According to Al-Malkawi and Pillai, (2018), to have the most appropriate information regarding firm's sales, variable and fixes costs which will be assistive as per uplifting appropriate analysis over businesses. The level of commercial activity at a given period of total cost and earning of business within an organisation. This evaluating performed at internal part of a business planning which is observed the reality which is being states at individual idea that does not be implemented for increasing profitability position of an organisation

Budgets:

As per the views of Wei, Xu and Zeng, (2017), Budgetary techniques are to be used by professionals which in turn will be effective and helpful as per monitoring the financial activities of firm. Here, professionals of various industries will make appropriate analysis over fund requirements of business on which they will be helpful as per making appropriate study over the facts. It will be helpful too, in terms of analysing funds requirements as well as making alternative solutions to reduce the costs implicated in various activities.

Considering issues

In order to remain for longer period of time in the market. There are certain issues can be taken into account in reliable manner. Some of them are mentioned underneath:

  • Check of proper planning before execution: Make proper compulsion with overall performances and take deep analysis of all crucial aspects those are reliable for better future.
  • Maintain regular record and valuation: They cannot be complacent though assuming all above data which is being presented in front of the investors to detect leader’s weaknesses.
  • Quality would not be an option, it would be necessities: Proper estimation with proper demand and supply can be lead to detect losses that can make huge impacts on the performances (Baker, Jabbouri and Dyaz, 2017). There is stock valuation that is major problems of scrap and wastages during an accounting period.

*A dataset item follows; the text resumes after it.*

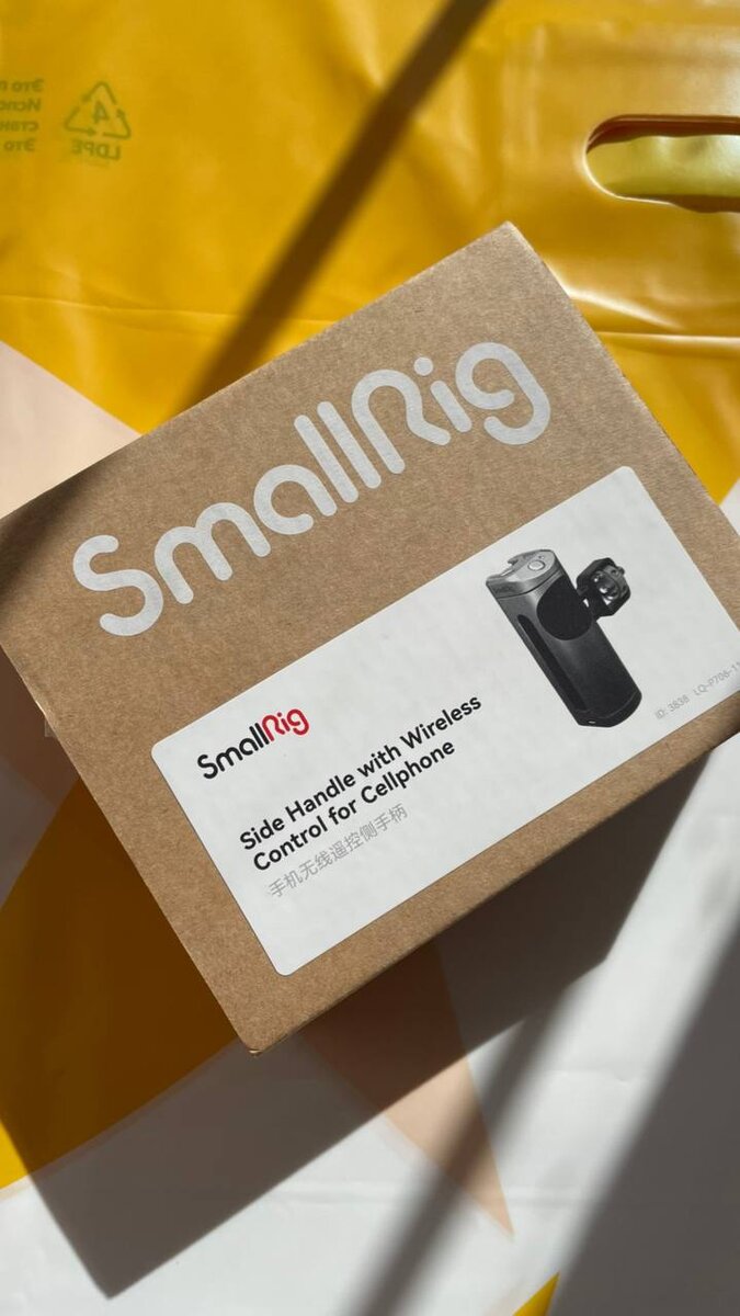 В процессе съёмок при нажатии кнопки на экране терял всегда 1-2 секунды и их вечно приходилось отрезать, то же самое и при завершении работы. Решил докупить себе к клетке ручку с кнопкой записи, расскажу об опыте использования, минусах и плюсах этого девайса. Покупал с целью потом использовать на других клетках small rig так как до Iphone 14 они вроде как все одинаковы по креплениям и болтам, надеюсь не ошибся. Приобрел девайс 12 сентября 2023 года, сейчас (момент написания статьи) 17 октября 2023 года активно использую ее на выездных съёмках, а также как внешний пульт при фотографировании \ видеосъёмке рецептов на кухне, чтобы не создавать тряски при съёмке. На момент приобретения мной она (ручка) стоила 4 361 рубль уже с доставкой в ближайший пункт выдачи. Вскрываем коробочку Прикрутил к своей клетке на которой уже установлена другая ручка от того же производителя, а именно Small rig 2772 Мне больше всего не понравилось отсутствие места под шестигранник, в ручке 2772 он как ра

Recommendation and conclusion

From the above project report, it has been concluded that managerial finance is utmost crucial expected which will be needed to be analyse overall financial position of the company. It has been summarising all specific description of capital sources those are divided in two categories such as external or internal sources. Certain investment proposal tools are also being analyse by using NPV, IRR and ARR. Further, this has been suggested that overall margin can be assist them for valuable finding for present issues those are arises in an organisation are evaluated in more perfect manner.

References

  • Al-Malkawi, H. A. N. and Pillai, R., 2018. Analyzing financial performance by integrating conventional governance mechanisms into the GCC Islamic banking framework. Managerial Finance. 44(5). pp.604-623.
  • Baker, H. K., Jabbouri, I. and Dyaz, C., 2017. Corporate finance practices in Morocco. Managerial Finance. 43(8). pp.865-880.
  • Garner, J., Kim, T. Y. and Yong Kim, W., 2017. Boards of directors: a literature review. Managerial Finance. 43(10). pp.1189-1198.
  • Mansour, W. and Bhatti, M. I., 2018. The new paradigm of Islamic corporate governance. Managerial Finance. 44(5). pp.513-523.